» Data segment

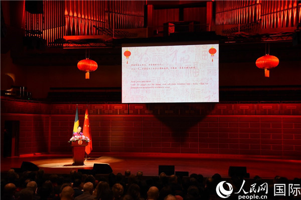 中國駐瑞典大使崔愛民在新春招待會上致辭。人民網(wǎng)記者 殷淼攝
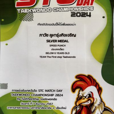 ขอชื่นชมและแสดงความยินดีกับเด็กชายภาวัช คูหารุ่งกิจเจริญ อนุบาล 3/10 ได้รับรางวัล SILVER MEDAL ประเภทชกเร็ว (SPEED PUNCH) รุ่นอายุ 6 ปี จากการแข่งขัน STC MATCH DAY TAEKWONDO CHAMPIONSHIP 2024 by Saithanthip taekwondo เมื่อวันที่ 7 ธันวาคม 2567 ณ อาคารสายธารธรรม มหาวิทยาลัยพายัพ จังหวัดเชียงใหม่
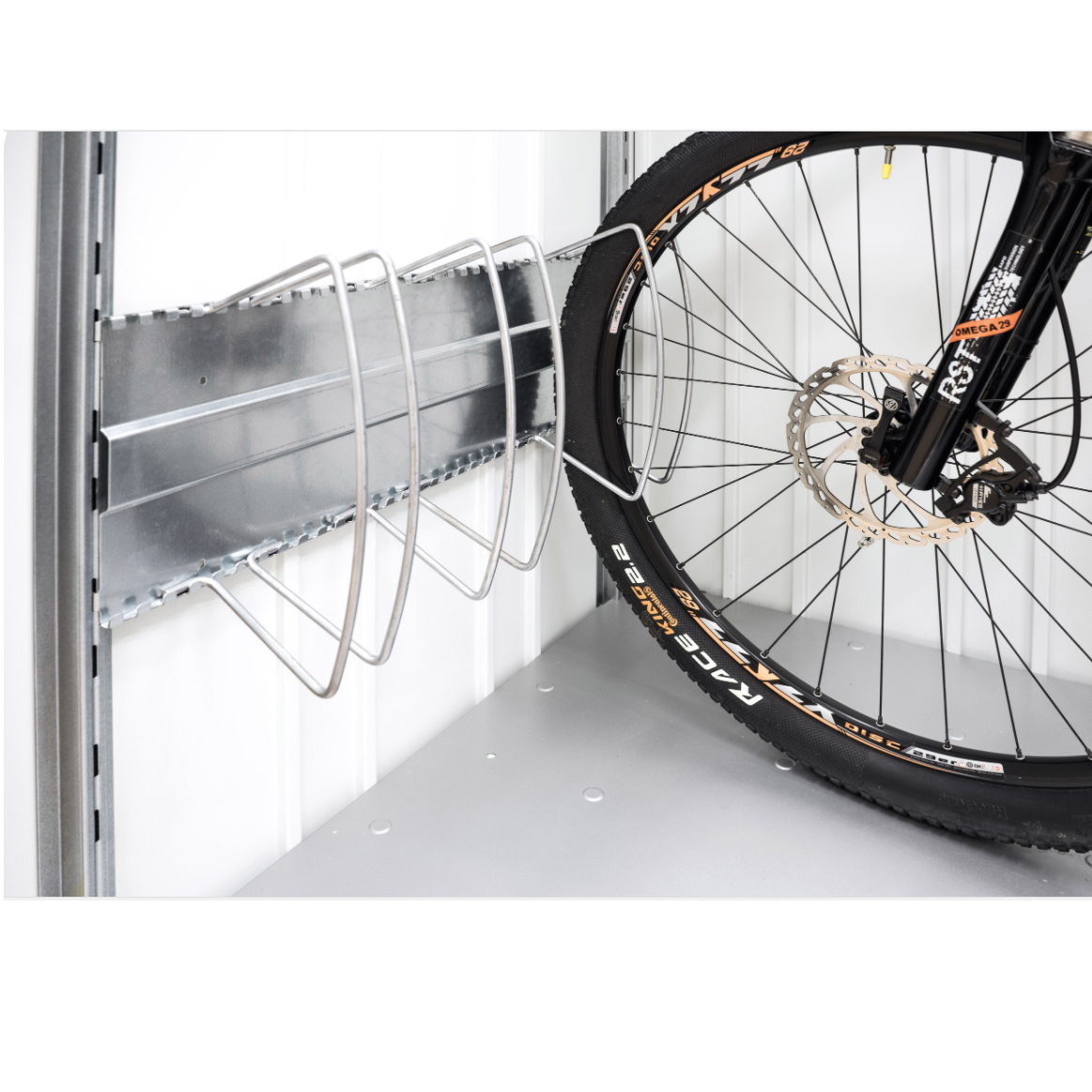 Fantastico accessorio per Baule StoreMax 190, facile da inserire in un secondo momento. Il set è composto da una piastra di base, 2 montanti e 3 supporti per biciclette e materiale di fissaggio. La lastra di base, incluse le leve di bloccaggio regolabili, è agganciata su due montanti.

» What is being asked
Leave the images out. Set down all of the material above exactly.

» Reply
 中國駐瑞典大使崔愛民在新春招待會上致辭。人民網(wǎng)記者 殷淼攝
 ขอชื่นชมและแสดงความยินดีกับเด็กชายภาวัช คูหารุ่งกิจเจริญ อนุบาล 3/10 ได้รับรางวัล SILVER MEDAL ประเภทชกเร็ว (SPEED PUNCH) รุ่นอายุ 6 ปี จากการแข่งขัน STC MATCH DAY TAEKWONDO CHAMPIONSHIP 2024 by Saithanthip taekwondo เมื่อวันที่ 7 ธันวาคม 2567 ณ อาคารสายธารธรรม มหาวิทยาลัยพายัพ จังหวัดเชียงใหม่
 Fantastico accessorio per Baule StoreMax 190, facile da inserire in un secondo momento. Il set è composto da una piastra di base, 2 montanti e 3 supporti per biciclette e materiale di fissaggio. La lastra di base, incluse le leve di bloccaggio regolabili, è agganciata su due montanti.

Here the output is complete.